TranSPORT: Cell-Based ENG Systems Complement Trucks at Venues

Over the past half decade, companies like LiveU and TVU have taken steps to redefine the ENG-mobile-unit marketplace by rolling up a satellite truck into a lightweight video-over-cellular backpack.

The business has blossomed. However, anyone who has ever used a cellphone can attest: signals can be spotty. At SVG’s TranSPORT Summit in New York City on Tuesday, representatives from both companies discussed whether their gear was up to the challenge of broadcasting from live sports events.
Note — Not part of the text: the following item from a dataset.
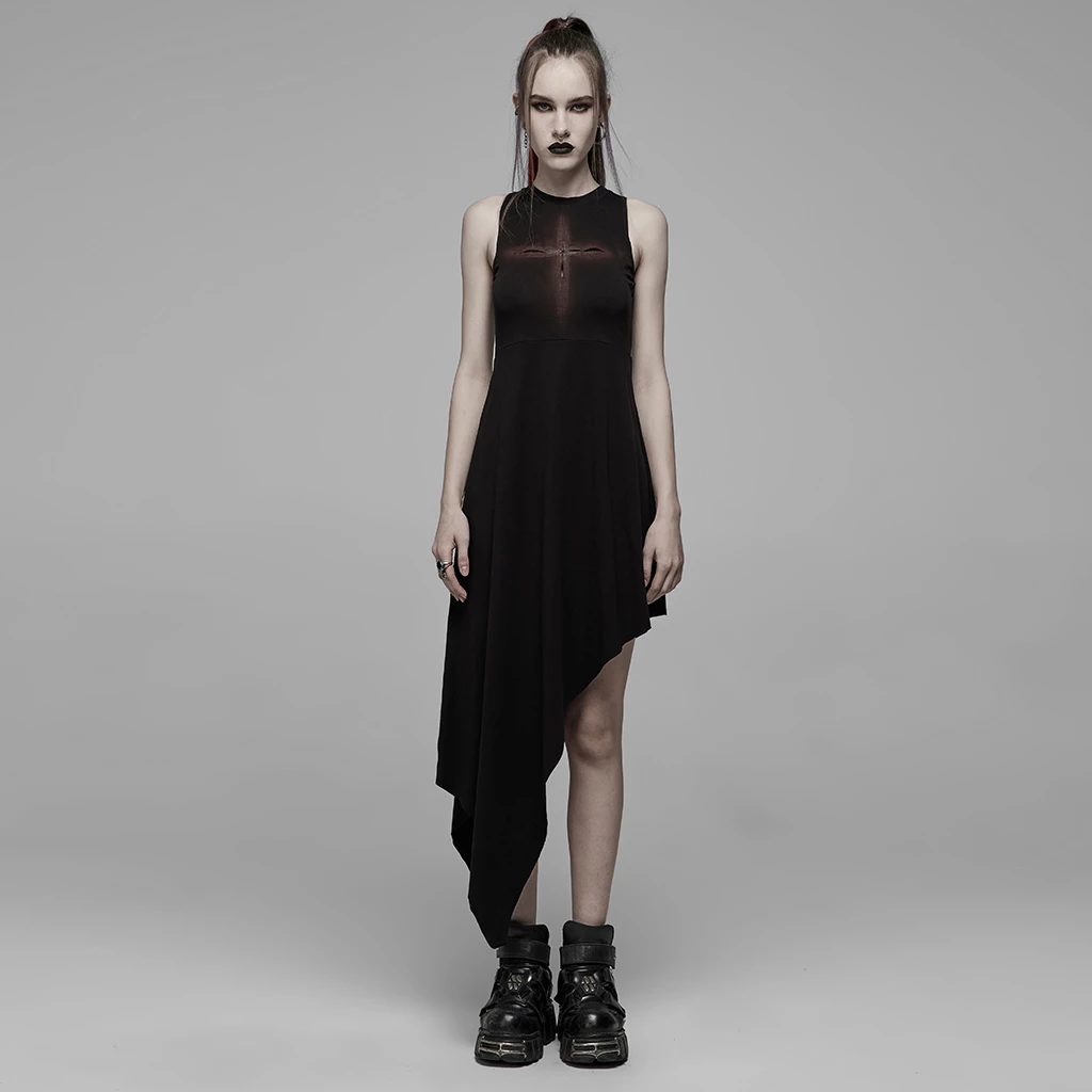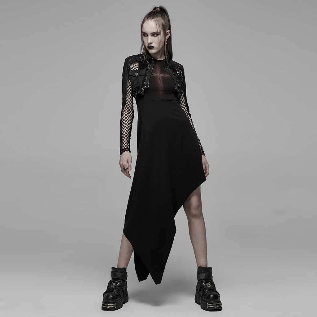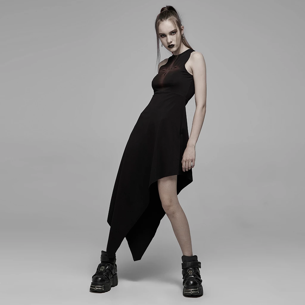 *Asymmetric pointed hem, highlighting Gothic dark feeling.

“This technology is not perfect, but satellite’s not perfect; microwave is not perfect,” said Dave Robertson, VP of content and media sales at TVU Networks. “But the things that you can do with this technology in terms of giving your consumer a different experience are just incredible. Simply put, when you’re not tethered to a truck, there’s so many amazing and creative things that you can do.”

Cellular-based ENG systems are a cost-efficient way of getting more reporters into the field, but they don’t go as far as replacing the mobile-production truck for news teams.

“We believe we are complementing what the [television stations] already have,” said Robertson. “We’re not trying to replace trucks; we are trying to complement what they are already doing.”

It sounds great on paper: a cell-based satellite truck that can be carried on your back and can transmit live video signals home to a network. But key issues arise in latency, amount of bandwidth, and what happens when you get the device into a crowded stadium, where folks from broadcasters to spectators are competing for cell signals.

LiveU and TVU remedy these challenges by bonding carriers. Bonding signals from a variety of carriers builds a higher bandwidth to allow crews to push out higher-quality, HD pictures and also permits fluctuations in signals as each service backs the others up. The devices can run on 3G, 4G, WiFi, Ethernet, etc. simultaneously, typically performing at their highest level when operating on seven data cards.

“WiFi and Ethernet are great as an add-on, but people get our backpacks and our handheld devices not because they want WiFi but because they want to be able to go to any venue anywhere in the country or in the world, power up, and go live without having to worry about connection,” said Ken Zamkow, head of sales and marketing at LiveU.

Although both companies will accommodate various needs, LiveU recommends a lease model, with all features (hardware, software, data plans, and warranty) included on one bill. TVU leans more toward purchase and will establish the data plans if the buyer desires.